What to do - Retype the opening lines of the listing below, ending with the line that contains "Baixe as instruções", and leave out any pictures.

==== Records shown

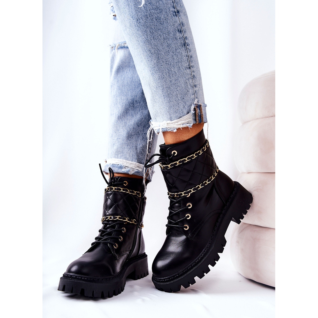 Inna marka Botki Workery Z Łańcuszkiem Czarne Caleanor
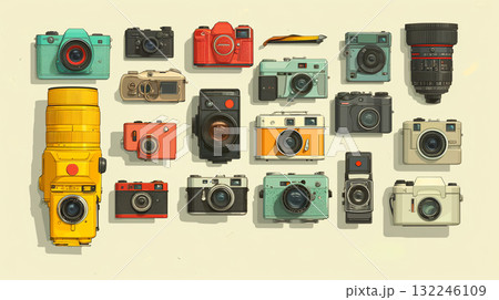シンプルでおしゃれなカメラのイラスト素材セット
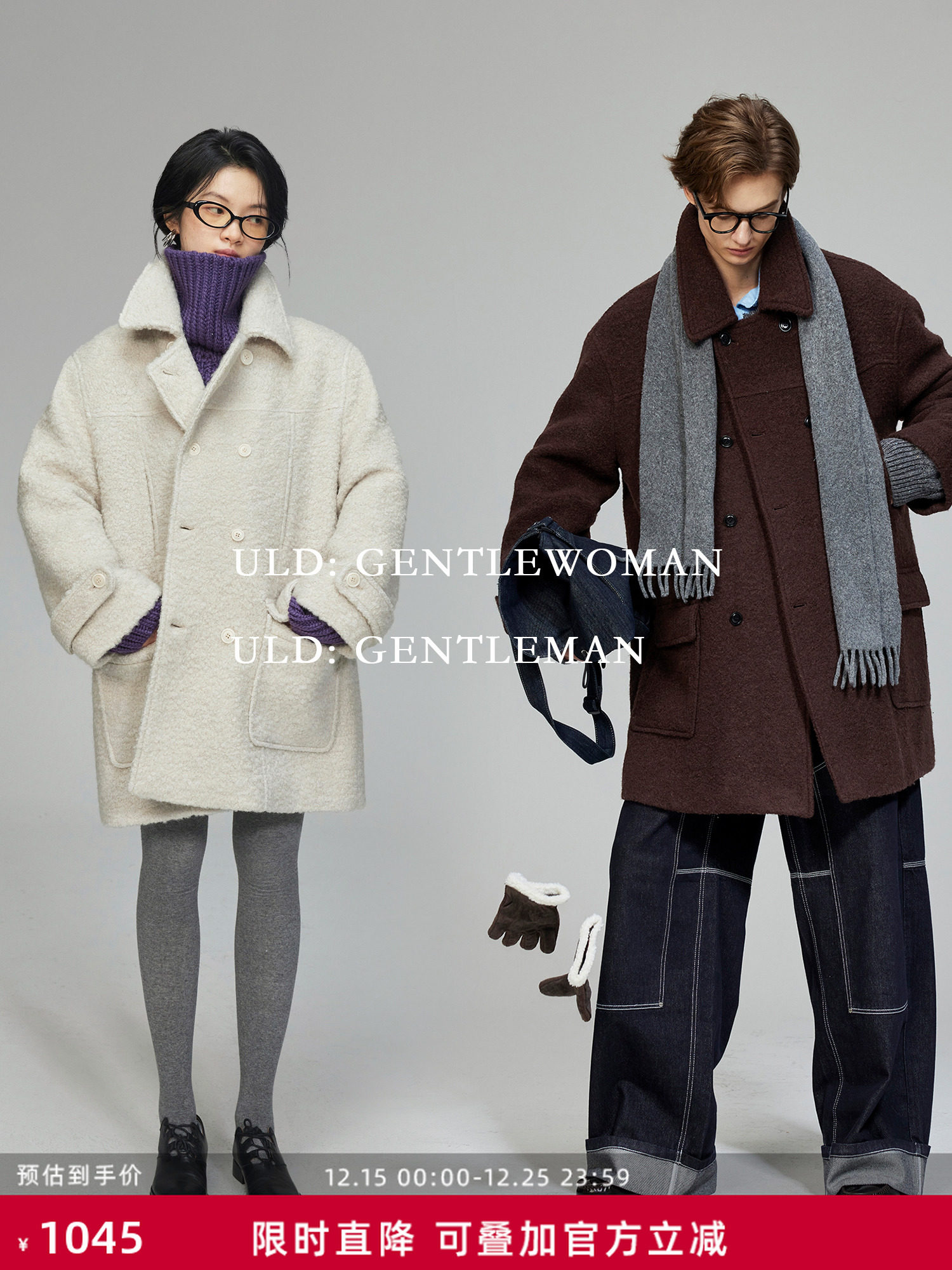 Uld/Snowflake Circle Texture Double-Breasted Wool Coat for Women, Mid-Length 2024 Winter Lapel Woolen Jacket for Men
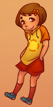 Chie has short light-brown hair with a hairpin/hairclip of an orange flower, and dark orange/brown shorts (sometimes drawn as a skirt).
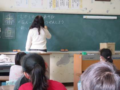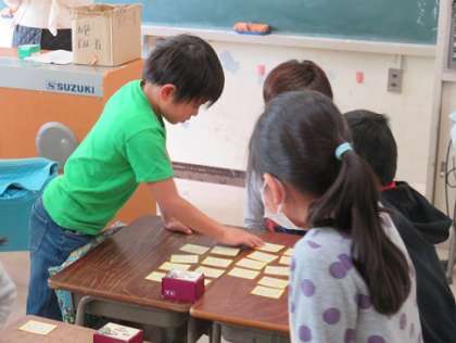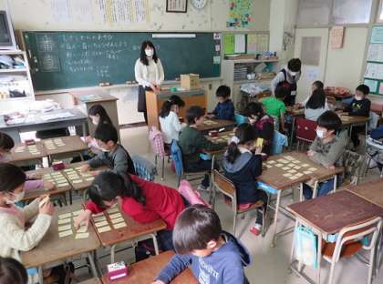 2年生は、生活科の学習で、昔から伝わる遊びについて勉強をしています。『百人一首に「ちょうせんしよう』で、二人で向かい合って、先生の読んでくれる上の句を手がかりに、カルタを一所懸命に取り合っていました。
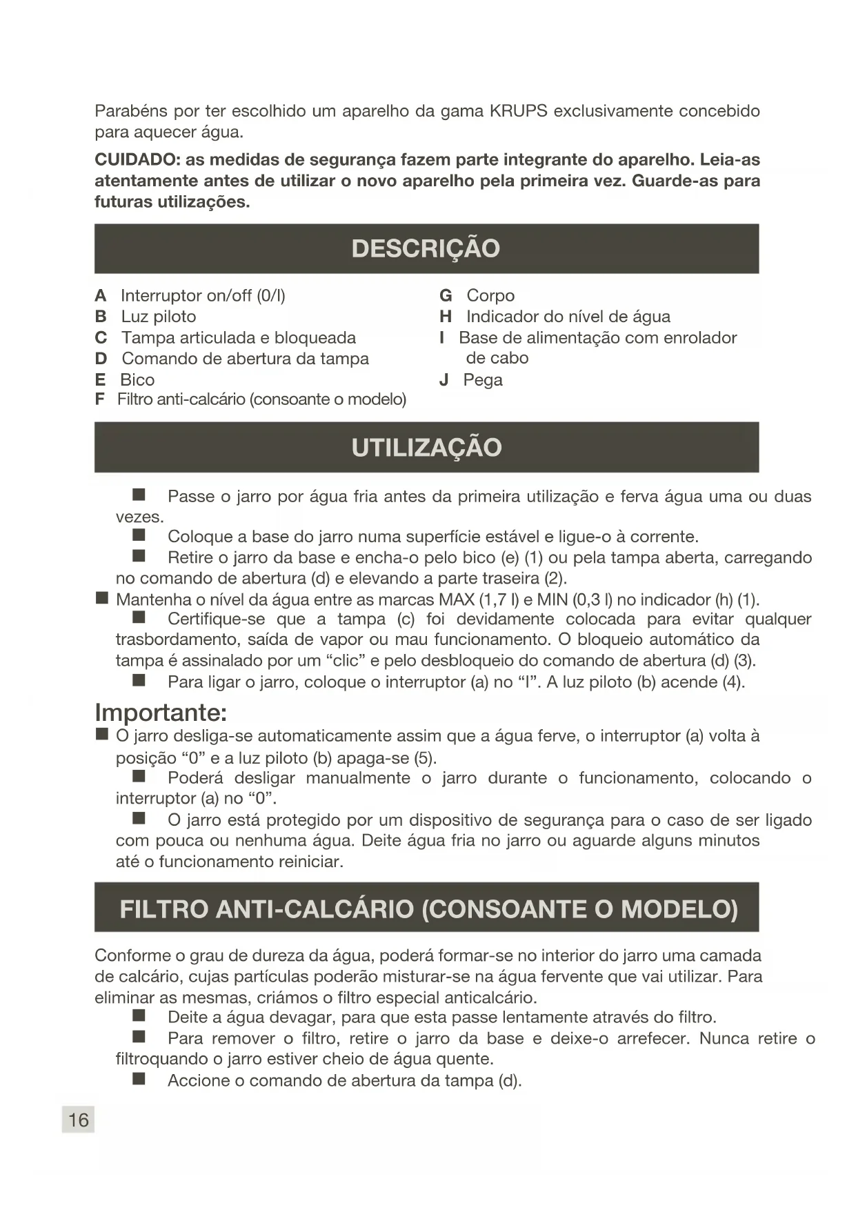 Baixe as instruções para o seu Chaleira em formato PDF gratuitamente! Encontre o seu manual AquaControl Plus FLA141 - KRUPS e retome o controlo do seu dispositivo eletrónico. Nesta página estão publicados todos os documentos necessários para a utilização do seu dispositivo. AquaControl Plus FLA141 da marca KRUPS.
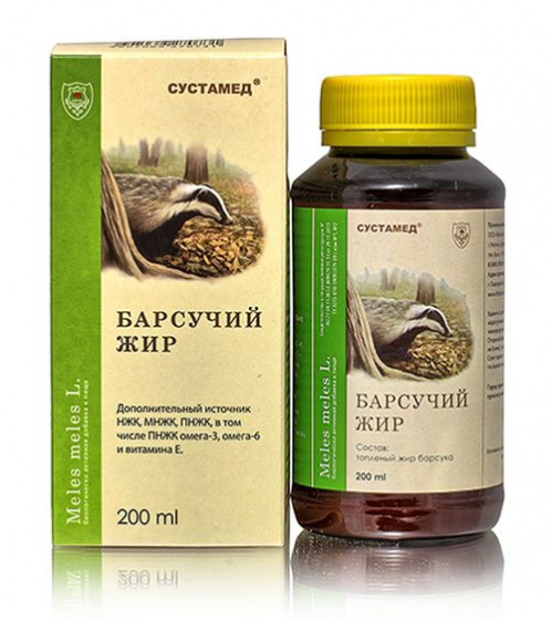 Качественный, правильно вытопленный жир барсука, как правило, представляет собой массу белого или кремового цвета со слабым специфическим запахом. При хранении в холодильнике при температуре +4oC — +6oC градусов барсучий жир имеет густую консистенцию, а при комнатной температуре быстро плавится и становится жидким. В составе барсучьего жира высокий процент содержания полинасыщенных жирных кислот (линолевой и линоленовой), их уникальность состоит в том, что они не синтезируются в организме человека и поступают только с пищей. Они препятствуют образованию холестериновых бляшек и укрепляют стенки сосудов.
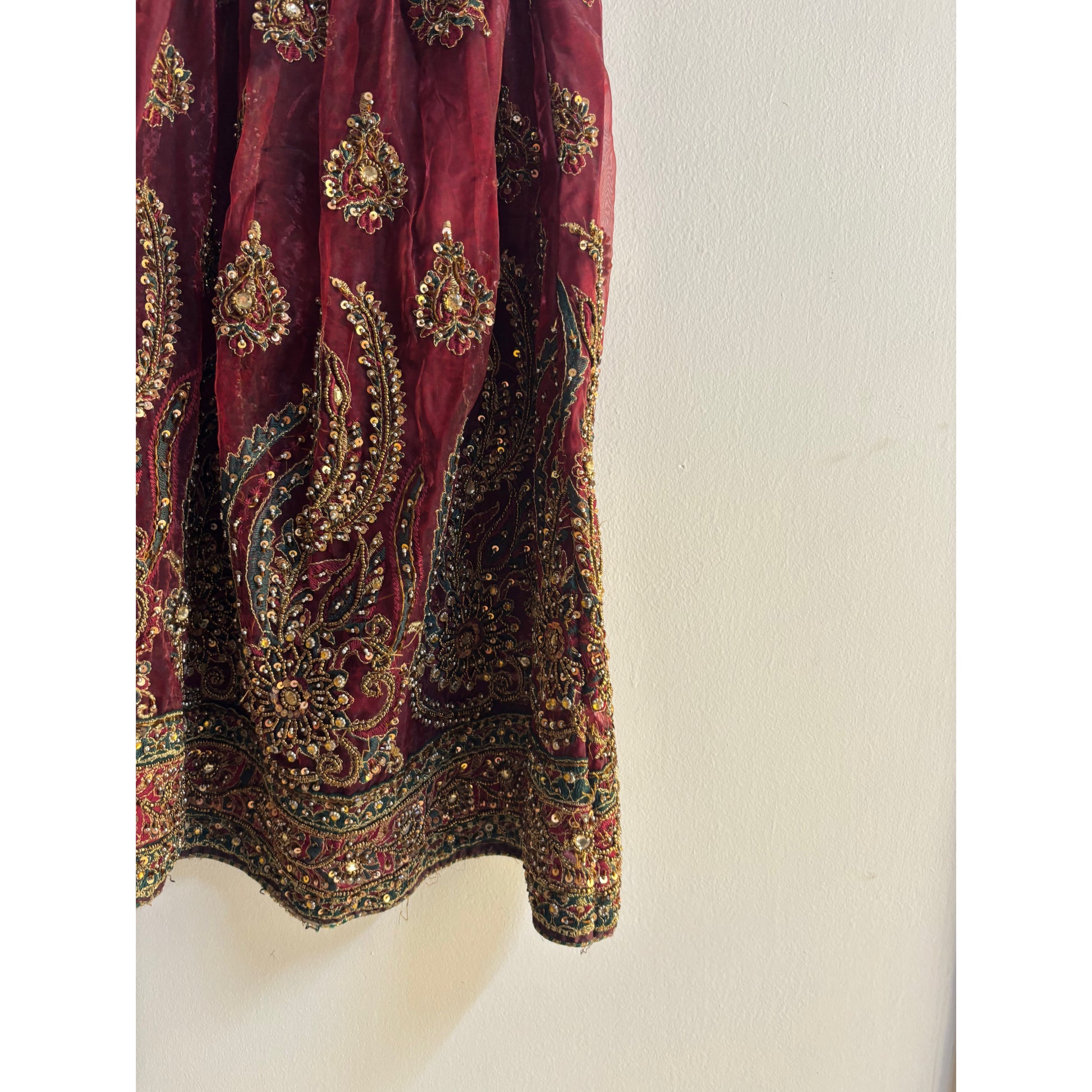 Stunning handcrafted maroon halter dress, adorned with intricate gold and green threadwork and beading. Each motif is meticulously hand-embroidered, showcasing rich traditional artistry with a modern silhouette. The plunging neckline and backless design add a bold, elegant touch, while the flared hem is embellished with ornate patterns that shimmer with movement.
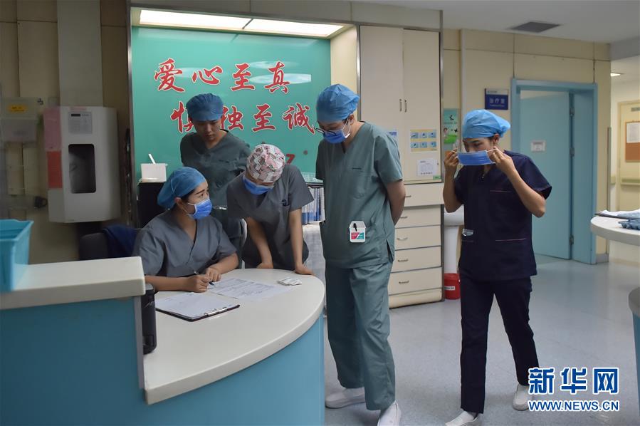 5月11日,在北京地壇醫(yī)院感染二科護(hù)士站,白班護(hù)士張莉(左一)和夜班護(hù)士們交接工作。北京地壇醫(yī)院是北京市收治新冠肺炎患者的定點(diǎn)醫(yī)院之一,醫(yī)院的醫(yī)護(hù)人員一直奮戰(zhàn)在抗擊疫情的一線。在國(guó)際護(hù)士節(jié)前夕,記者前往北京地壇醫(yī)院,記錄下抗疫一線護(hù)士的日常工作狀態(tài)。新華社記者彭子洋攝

========

Answer below -
 Inna marka Botki Workery Z Łańcuszkiem Czarne Caleanor
シンプルでおしゃれなカメラのイラスト素材セット
 Uld/Snowflake Circle Texture Double-Breasted Wool Coat for Women, Mid-Length 2024 Winter Lapel Woolen Jacket for Men
 Chie has short light-brown hair with a hairpin/hairclip of an orange flower, and dark orange/brown shorts (sometimes drawn as a skirt).
 2年生は、生活科の学習で、昔から伝わる遊びについて勉強をしています。『百人一首に「ちょうせんしよう』で、二人で向かい合って、先生の読んでくれる上の句を手がかりに、カルタを一所懸命に取り合っていました。
 Baixe as instruções para o seu Chaleira em formato PDF gratuitamente! Encontre o seu manual AquaControl Plus FLA141 - KRUPS e retome o controlo do seu dispositivo eletrónico. Nesta página estão publicados todos os documentos necessários para a utilização do seu dispositivo. AquaControl Plus FLA141 da marca KRUPS.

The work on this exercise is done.